音楽から農業へ 転機となった国際協力の夢

「音楽に全力を注いできましたが、中々思うようにはならず、自分の進むべき道が見えなくなっていました。そんな時、ふと見たテレビ番組がきっかけで、人生の転機を迎えました。その番組では、国際協力に携わる人たちを特集していたんです。それを見た瞬間、『これだ!』と直感しました。直ぐにでも海外に行って何か活動したいという思いが強まりましたが、国際協力をするには何かしらのスキルが必要なため、まずはスキルを身につけることから始めました」

どのようなスキルが役に立つのか、国際協力についての様々な本を読む中で、有機農業であれば役に立てると感じたのだそう。

「有機農業は、化学肥料や農薬を使わず、自然と共生しながら作物を育てる方法です。地域の資源を活かし、持続可能な形での農業を実現する。

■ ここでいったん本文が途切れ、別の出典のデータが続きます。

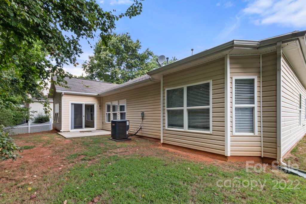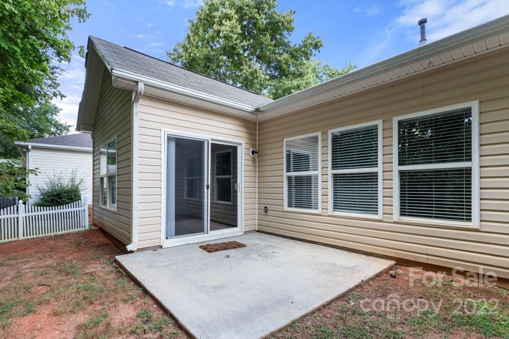 The house has granite counter tops in kitchen and bath areas. There is an actual laundry room. Back yard is private, but can be expanded for more space. The white fence on the right back runs along the property line, to identify depth of the back yard. Irrigation in front and sides and back of property sold as is, with no known issues..

この考え方は、発展途上国でも応用可能だと思いました。」

特に発展途上国など資金が限られている土地は、化学肥料や農薬などの外的資源に頼ることが難しい。有機農業はその地域の資源を活かした農業ができることが魅力でした。室住さんは技術を学ぶため、知人を頼りに島根県の農家で研修を受けます。

島根での研修 学びの土壌を築く

「まったくの初心者でしたが、その農家では全国から様々な背景を持つ人たちが集まっていて、多くの刺激を受けました。」

島根での1年半に及ぶ研修は、室住さんにとって人生の転換点となります。そこで出会った大学講師との交流をきっかけに、次なる挑戦へと向かうことに。彼の次の目的地は、東南アジア、タイの山岳地帯に暮らすラフ族の村でした。

「30万円ほど貯金してタイに向かいました。当時は、期待に胸を膨らませていましたが、実際には1年半ほどの農業経験ではスキル不足で全く役に立たないことに気がついたんです。そこで、ボランティアとして現地の人々と暮らしながら、研修のような形で携わることにしました。」


タイ北部の山岳地帯に住むラフ族の村に暮らし始めた室住さん。文化も言葉も違う中で、どのようにコミュニケーションをとり、農業を学んでいったのでしょうか。

「ラフ族には、日本で2年ほど農業研修をしていた人がいたんです。その人を通して、現地の人々とコミュニケーションをとっていました。
気候も地形も異なる山岳地帯では、日本と全く違う農法が行われています。焼畑農業という農法で、乾季になると森の畑を焼いて耕し、野菜を栽培するんです。畑を焼くというと驚かれるかもしれませんが、この方法は生物多様性を育むという意外なメリットもあります。」

日本に帰国後、ラフ族と繋がっていたいとの想いから「日ラフ友好協会」を設立しました。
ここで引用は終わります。